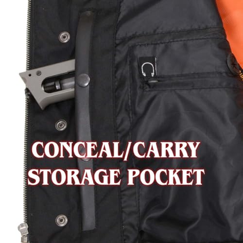 • ✅ Pockets | This biker vest is designed with concealed and carry 2 pockets (can be used as regular storage pockets). It features strategically placed pockets with secure closures, allowing you to discreetly carry while maintaining a sleek and contemporary look. Our vest includes 2 front chest pockets w/ flaps, 2 outside lower slit drop handwarmer pockets with concealed snap, 1 inside media pocket for phone, 1 extra inside zipper pocket.
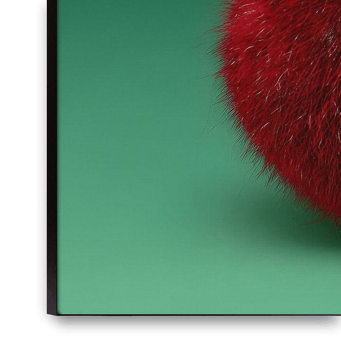 Two cherries with dense, soft fur lie next to each other on their stems against a lush green background. The bright red of the fruit is emphasised by the fluffy surface and looks particularly lively in contrast to the fresh green. The unusual texture of the cherries is reminiscent of fine animal fur and lends the familiar fruit a…
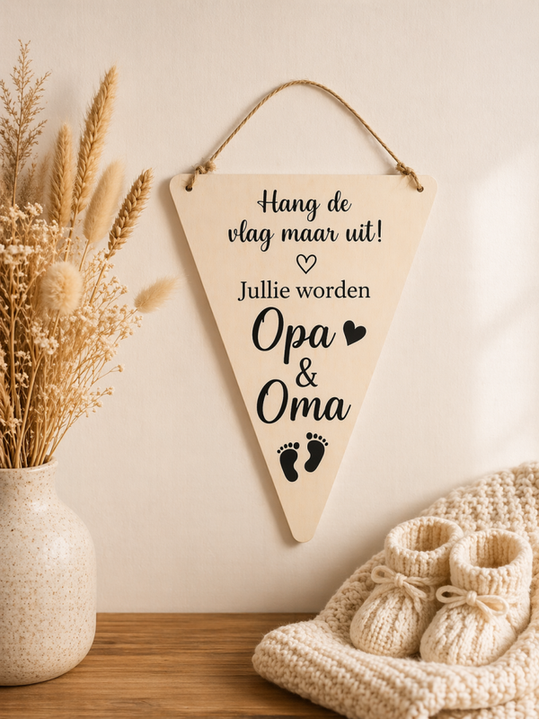 Maak de geboorte van jullie kindje extra bijzonder met dit schattige houten vlaggetje “Hang de vlag maar uit! Jullie worden Opa & Oma”. Een origineel en liefdevol cadeau om het mooie nieuws op een unieke manier aan te kondigen.
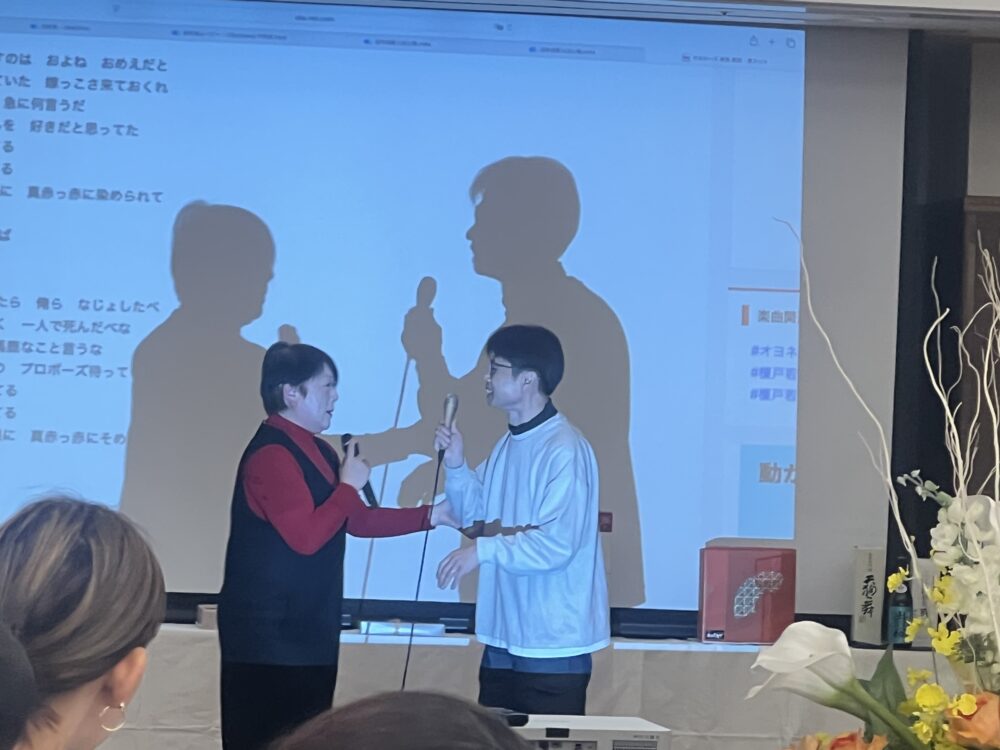 正和会名物新人職員による一芸披露(右二人は自己紹介だけなので気が楽そうです🤣)
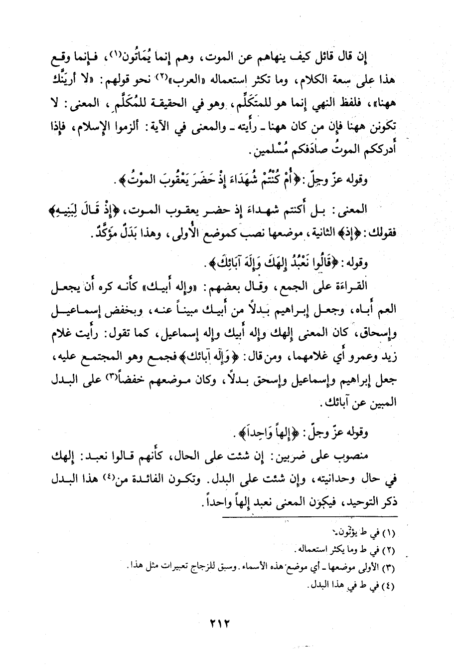 وقوله عزَّ وجلَّ: (أَمْ كُنْتُمْ شُهَدَاءَ إِذْ حَضَرَ يَعْقُوبَ الْمَوْتُ إِذْ قَالَ لِبَنِيهِ مَا تَعْبُدُونَ مِنْ بَعْدِي قَالُوا نَعْبُدُ إِلَهَكَ وَإِلَهَ آبَائِكَ إِبْرَاهِيمَ وَإِسْمَاعِيلَ وَإِسْحَاقَ إِلَهًا وَاحِدًا وَنَحْنُ لَهُ مُسْلِمُونَ (133)
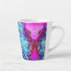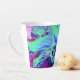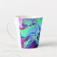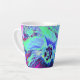 Taza De Café Latte Flor de hibiscus verde y azul psicodélico retro

────

● **TASK TO CARRY OUT**:
Only the lines from the one that contains "Two cherries with" through the last line of the records may appear in the answer, retyped exactly and with no pictures.

● **SOLUTION TO THIS PROBLEM**:
 Two cherries with dense, soft fur lie next to each other on their stems against a lush green background. The bright red of the fruit is emphasised by the fluffy surface and looks particularly lively in contrast to the fresh green. The unusual texture of the cherries is reminiscent of fine animal fur and lends the familiar fruit a…
 Maak de geboorte van jullie kindje extra bijzonder met dit schattige houten vlaggetje “Hang de vlag maar uit! Jullie worden Opa & Oma”. Een origineel en liefdevol cadeau om het mooie nieuws op een unieke manier aan te kondigen.
 正和会名物新人職員による一芸披露(右二人は自己紹介だけなので気が楽そうです🤣)
 وقوله عزَّ وجلَّ: (أَمْ كُنْتُمْ شُهَدَاءَ إِذْ حَضَرَ يَعْقُوبَ الْمَوْتُ إِذْ قَالَ لِبَنِيهِ مَا تَعْبُدُونَ مِنْ بَعْدِي قَالُوا نَعْبُدُ إِلَهَكَ وَإِلَهَ آبَائِكَ إِبْرَاهِيمَ وَإِسْمَاعِيلَ وَإِسْحَاقَ إِلَهًا وَاحِدًا وَنَحْنُ لَهُ مُسْلِمُونَ (133)
 Taza De Café Latte Flor de hibiscus verde y azul psicodélico retro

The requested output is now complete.